Solution: Strategy 3 gives: $M_{i=0,j=1}^P=M_{i=5,j=1}^P=0.8M^P/2,M_{i=0,j=2}^P=M_{i=5,j=2}^P=0.87M^P/2,M_{i=0,j=3,4}^P=M_{i=5,j=3,4}^P=0.84M^P/2$. Similarly, $M_{i=1,2,3,4,j=1}^P=0.8M^P$, $M_{i=1,2,3,4,j=2}^P=0.87M^P,M_{i=1,2,3,4,j=3,4}^P=0.84M^P$.

The lateral capacity of this case can be computed as follows:

$5\times 2\left(M_{\mathrm{B}\mathrm{a}\mathrm{y},1}^P+M_{\mathrm{B}\mathrm{a}\mathrm{y},2}^P+M_{\mathrm{B}\mathrm{a}\mathrm{y},3}^P+M_{\mathrm{B}\mathrm{a}\mathrm{y},4}^P\right)=10\left(0.80+0.87+0.84+0.84\right)M^P=33.5M^P=M_{\mathrm{o}}$. The capacity equation may be generalized as follows:

$$2m {\sum }_{j=1}^n{\mathsf{\delta }}_j^P{M}_{\mathrm{B}\mathrm{a}\mathrm{y} j}^P=M_{\mathrm{o}}$$

(15)

Here, Kronecker’s delta ${\mathsf{\delta }}_j^P=1$ if ${(2mM}_{\mathrm{B}\mathrm{a}\mathrm{y} j}^P)$ > 0, and ${\mathsf{\delta }}_j^P=0$ if ${(2mM}_{\mathrm{B}\mathrm{a}\mathrm{y} j}^P)$ = 0. The sequence of failures of the bays is the same as the ascending order of the YDRs.
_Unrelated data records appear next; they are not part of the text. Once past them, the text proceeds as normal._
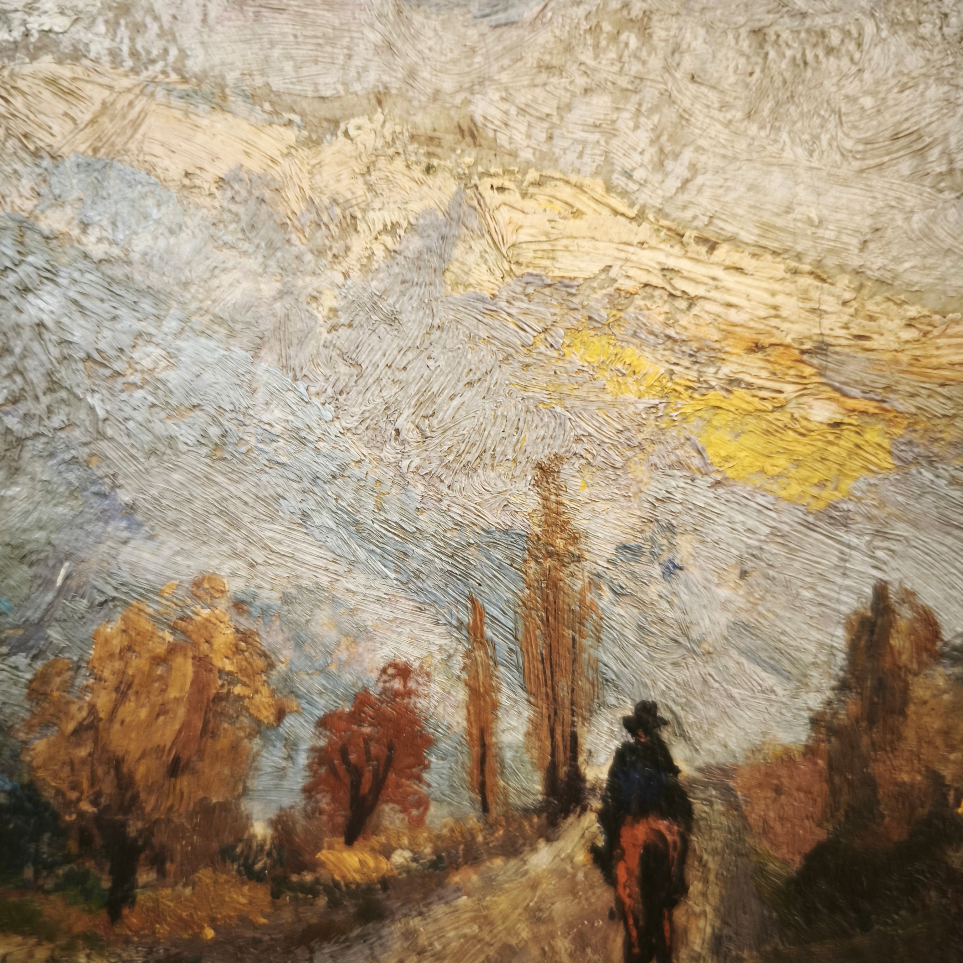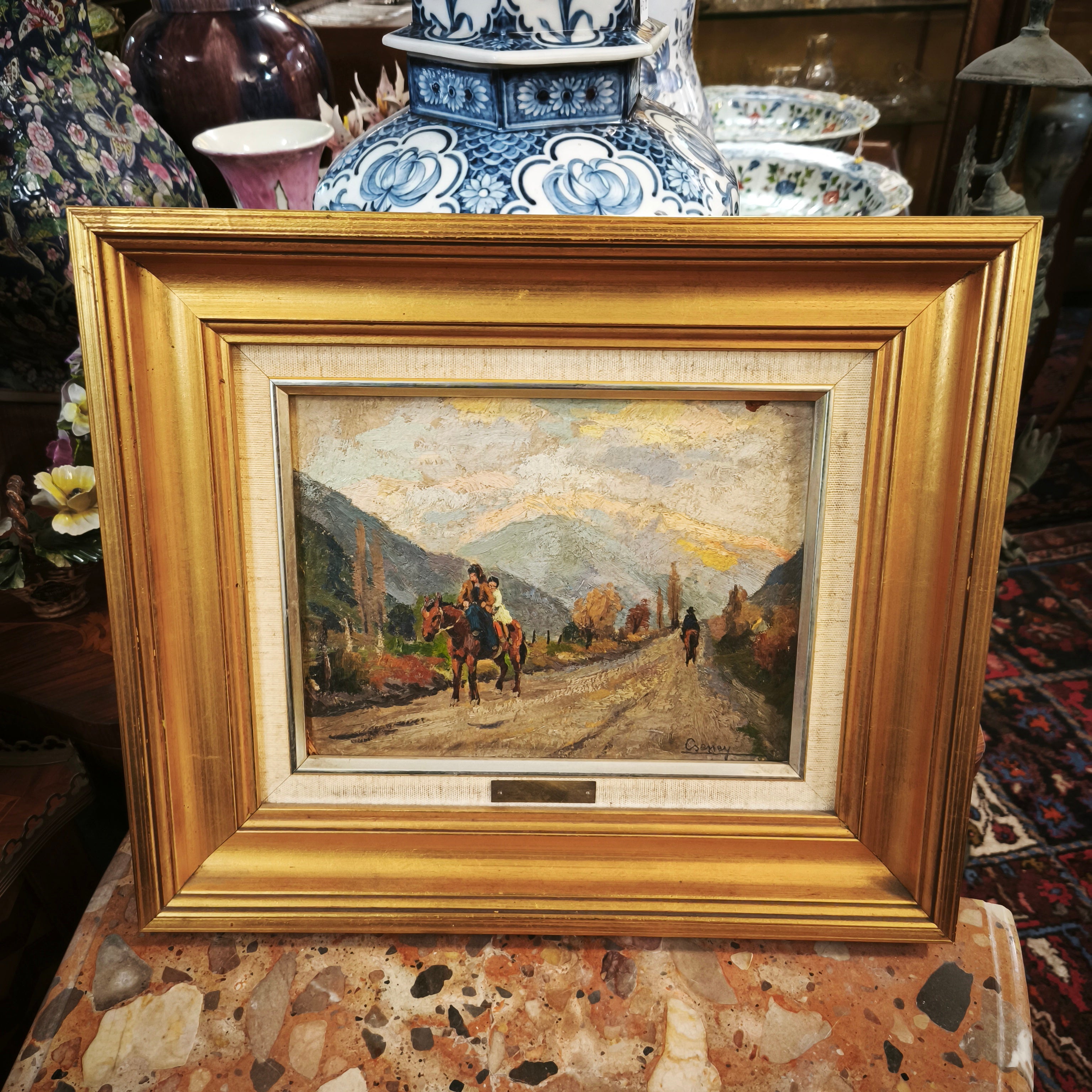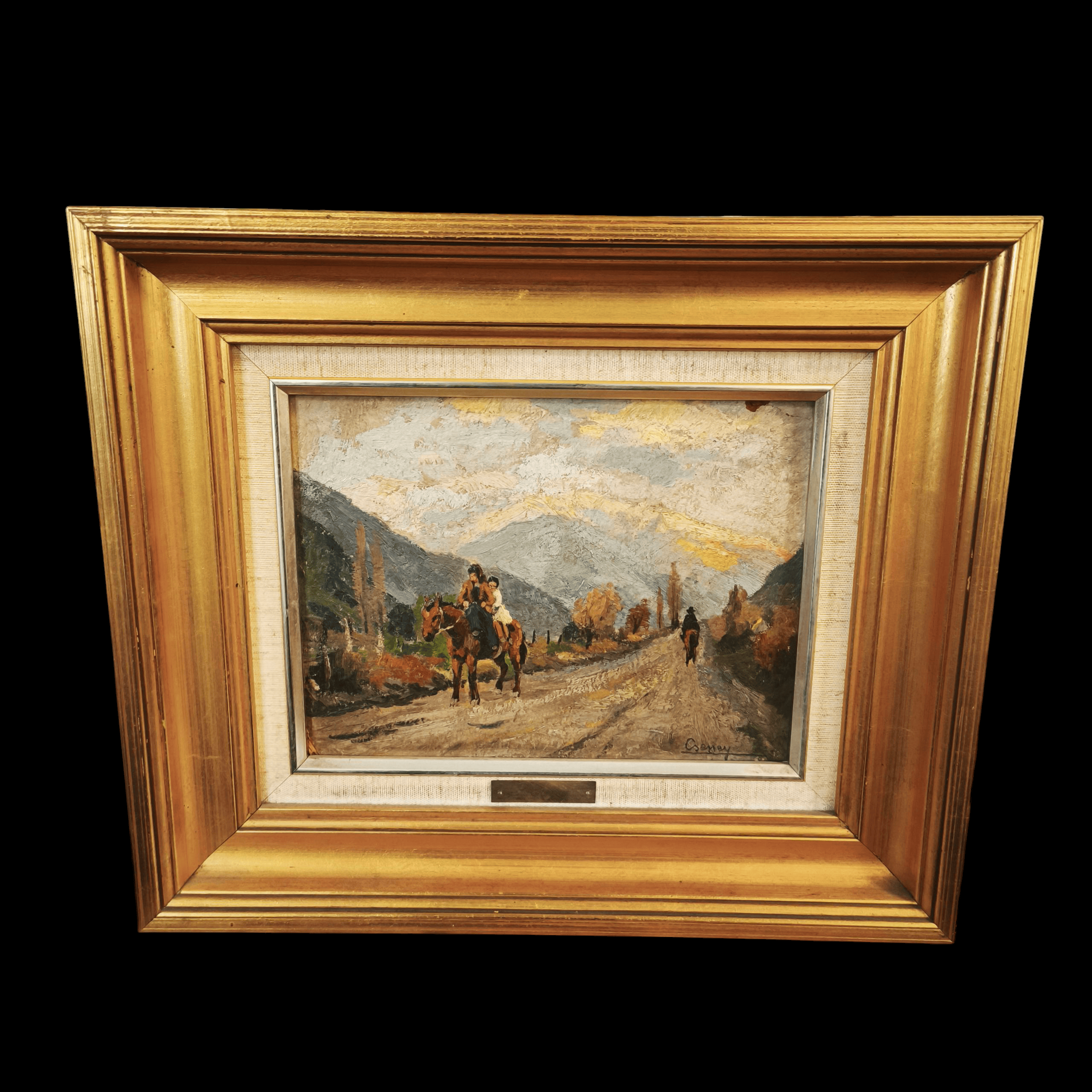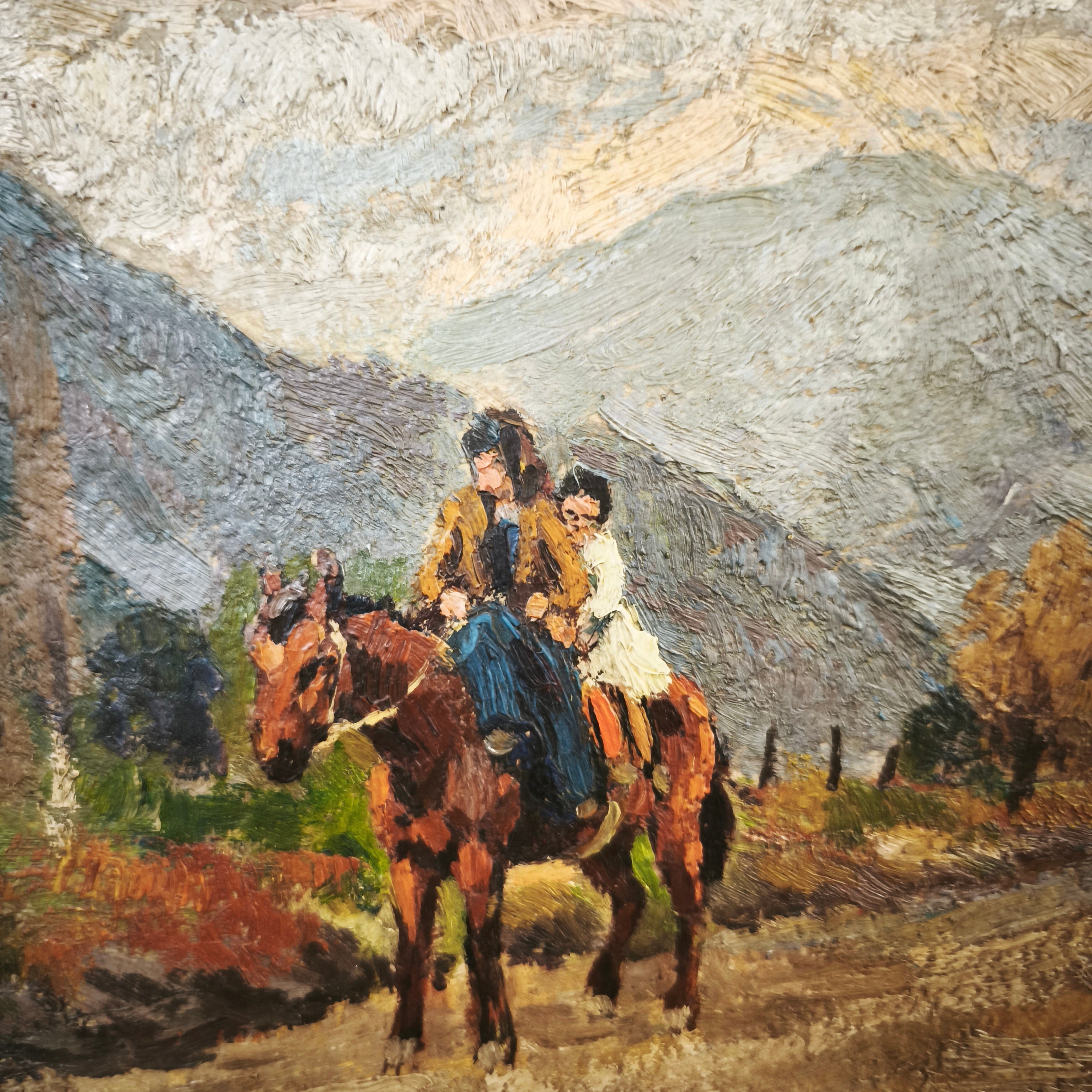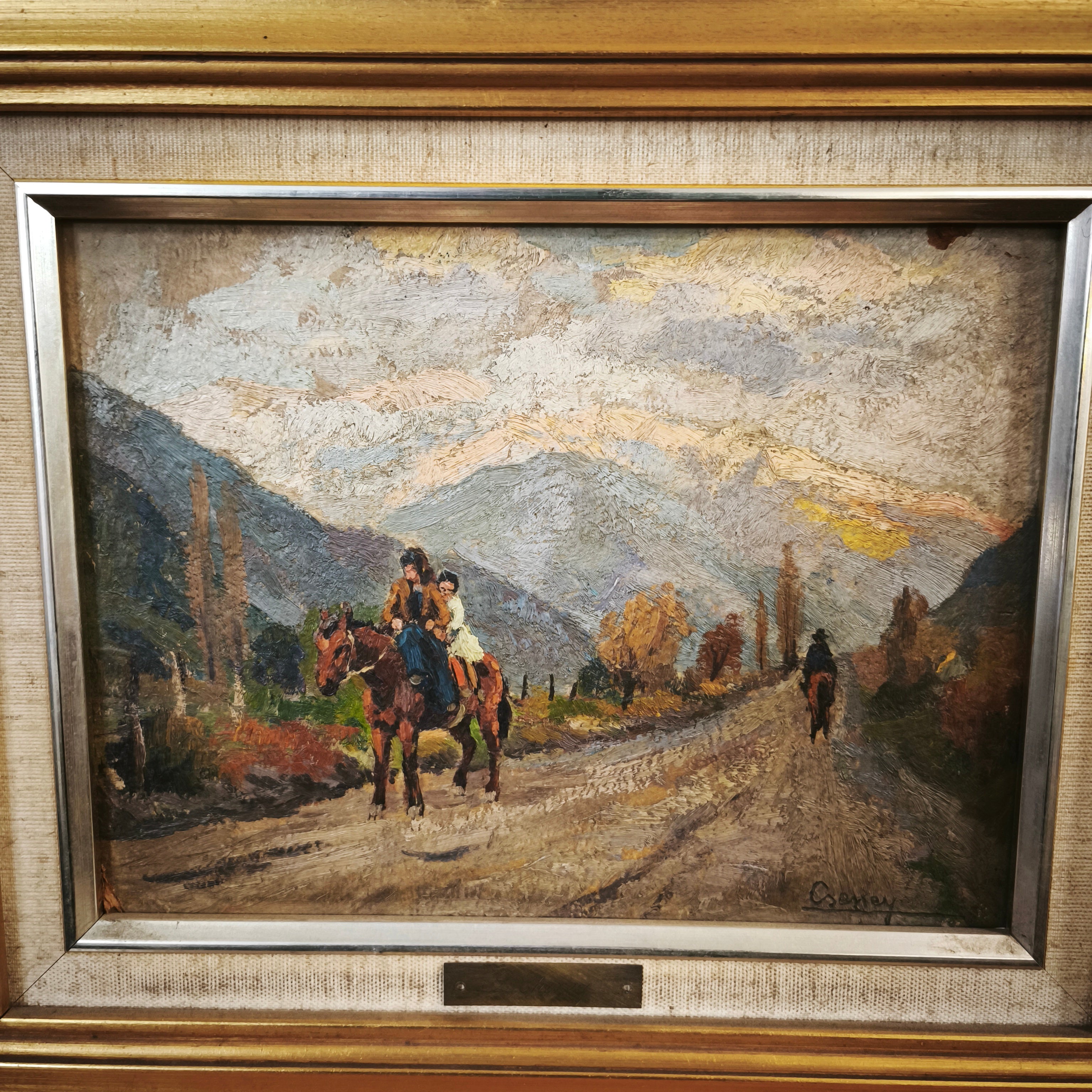 Huile sur bois de l'artiste chilien Ladislao Cheney, représentant une scène rurale de la Vallée Centrale du Chili. Deux cavaliers circulent en sens inverse sur un chemin de terre, entourés de végétation et avec l'imposante chaîne de montagnes en arrière-plan.
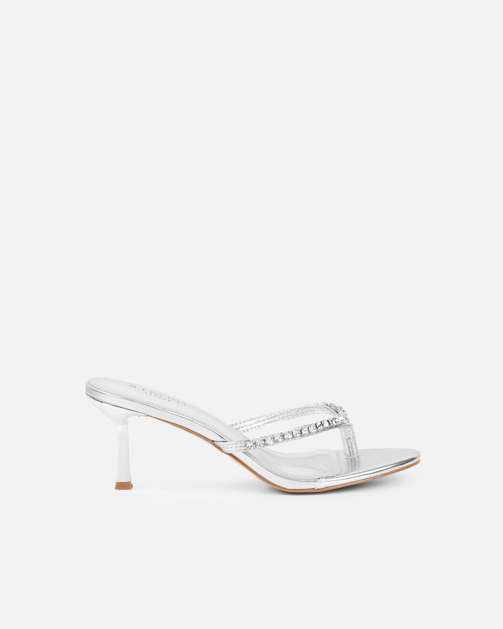 Silver Metallic Diamante Toe Thong Heeled Sandals
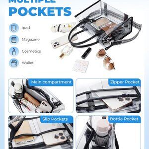Features: Spacious, transparent PVC tote with a sturdy design made from durable 0.5mm thick plastic. It has a large main compartment perfect for carrying your essentials like a tablet, wallet, sunglasses, and more. Comes with an inner zipper pocket, mesh water bottle holder, and card slots for extra organization. The dual carrying options include a stylish leather handle and a detachable, adjustable woven guitar strap for crossbody or shoulder wear. The reinforced bottom keeps the bag sturdy, and the smooth zipper allows quick access.
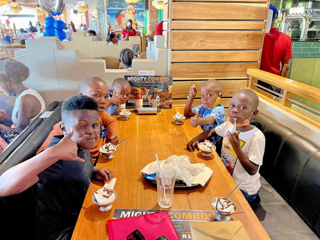 Dort haben wir die Kids mit Getränken und Snacks versorgt und die Briefe und Zeugnisse für die Pateneltern eingesammlt. Im Anschluss begann dann das Programm.
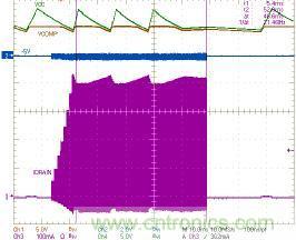 在啟動階段,若IDRAIN 在tONMIN時間內升至較高值,則脈沖跨周調制模式激活,以降低芯片的開關頻率(圖9),為電感提供更多的放電時間,幫助限制漏極峰流值,防止電流失控現象發生,避免變壓器出現飽和,提高系統總體可靠性。
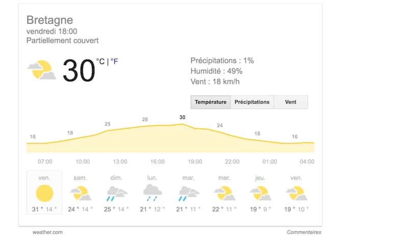 Et à partir de 11h, jusque 18H, cela ne s’arrêtera pas de grimper : les températures vont se rapprocher des records d’une fin mai et atteindront les 31 degrés à Nantes, 30° à Rennes et Port Navalo, 29° à Cancale et Carhaix, 27 à Brest, 24 à Bréhat et 22 à Ouessant.
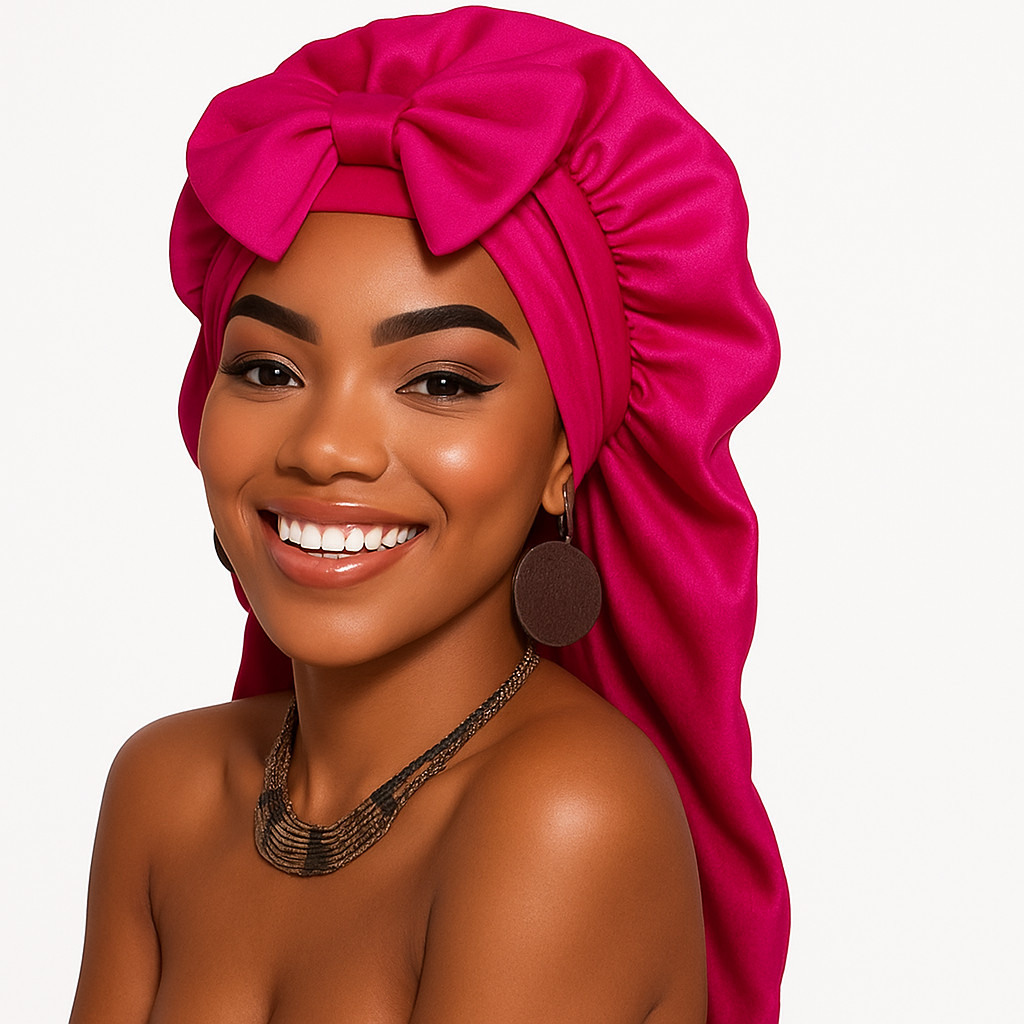 Touca de Cetim Longa com Faixa de Laço Toca Cetim Dupla Face Gigante para Cabelos Longos Box Braids
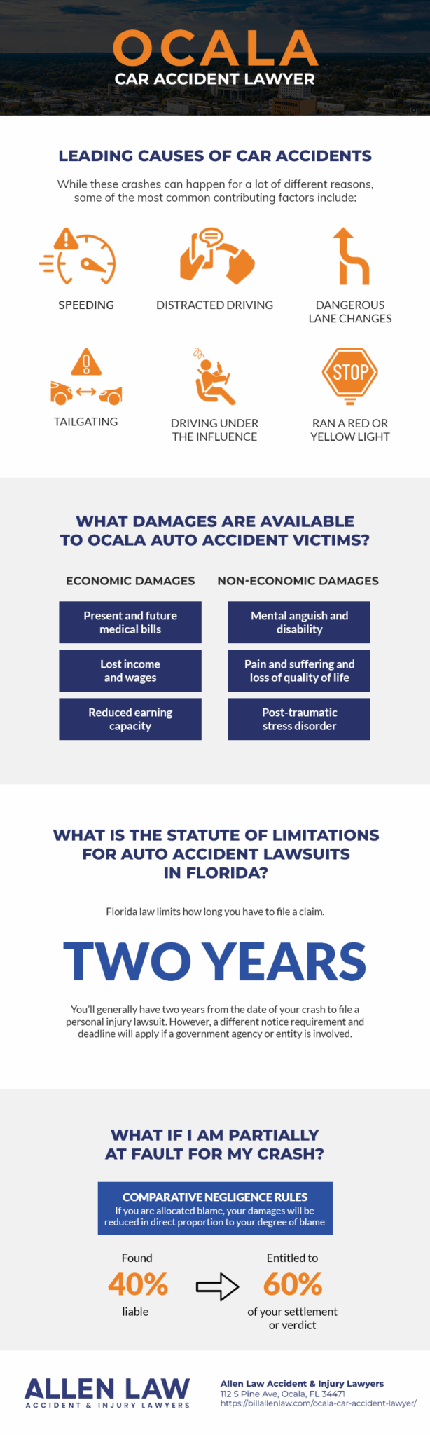 Were you recently involved in a car accident in Ocala, FL? Are you struggling with severe injuries and finding that it’s hard to get back on your feet? You don’t have to navigate these difficult times on your own. Call Allen Law and let our skilled car accident attorneys in Ocala help.
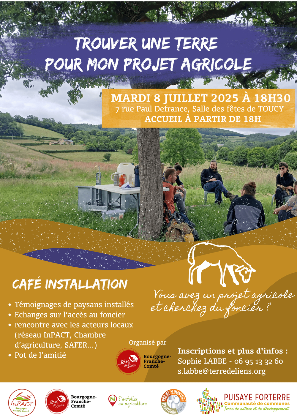 Ce sera l'occasion d'échanger avec Terre de Liens, la Chambre d'Agriculture 89, la SAFER 89 ainsi qu’avec nos témoins autour des questions d'accès au foncier et de la recherche de terres, en cohérence avec son projet agricole.
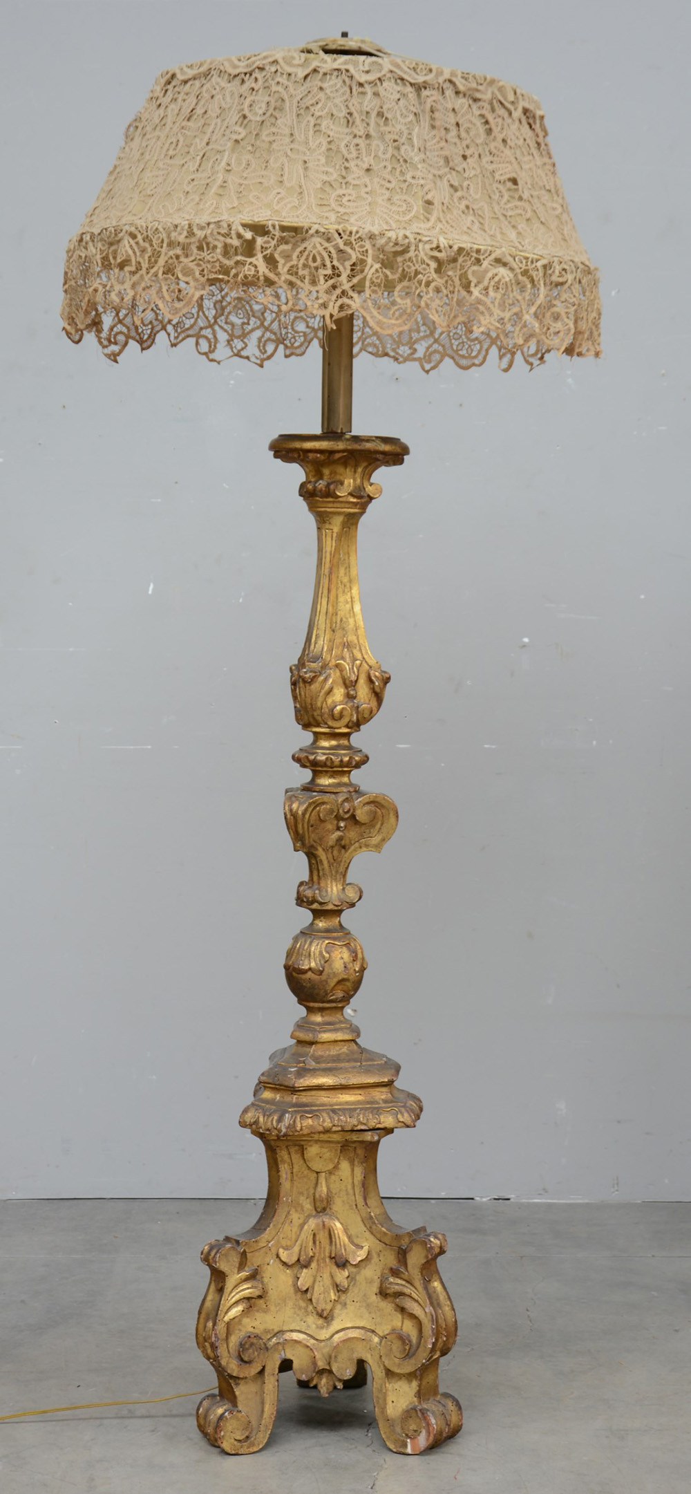 Torciera in legno intagliato e dorato a volute fogliate (h. cm 133) (difetti)

5. EBF of Uniform Strength as Part of Triple ERS

The lateral analysis of EBFs, as part of a triple ERS, e.g., Figure 4d and Figure 6a, is cumbersome using conventional methods of study. However, the HRRC forces the EBF to respond as an SDOF structure and tilt as a straight-line drift profile, ${\varphi }_i=\varphi .$ This, in turn, helps simplify the analysis of the system. The columns and braces are assumed to neither yield, buckle, nor carry bending moments. The continuous beams are high-grade wide flange sections equipped with or without special REDDs [42,43]. Although almost all commercially available software can be used to analyze EBFs of uniform drift, the following formulations have also been provided to assist with preliminary design purposes. The parametric analysis is conducted in two interrelated steps.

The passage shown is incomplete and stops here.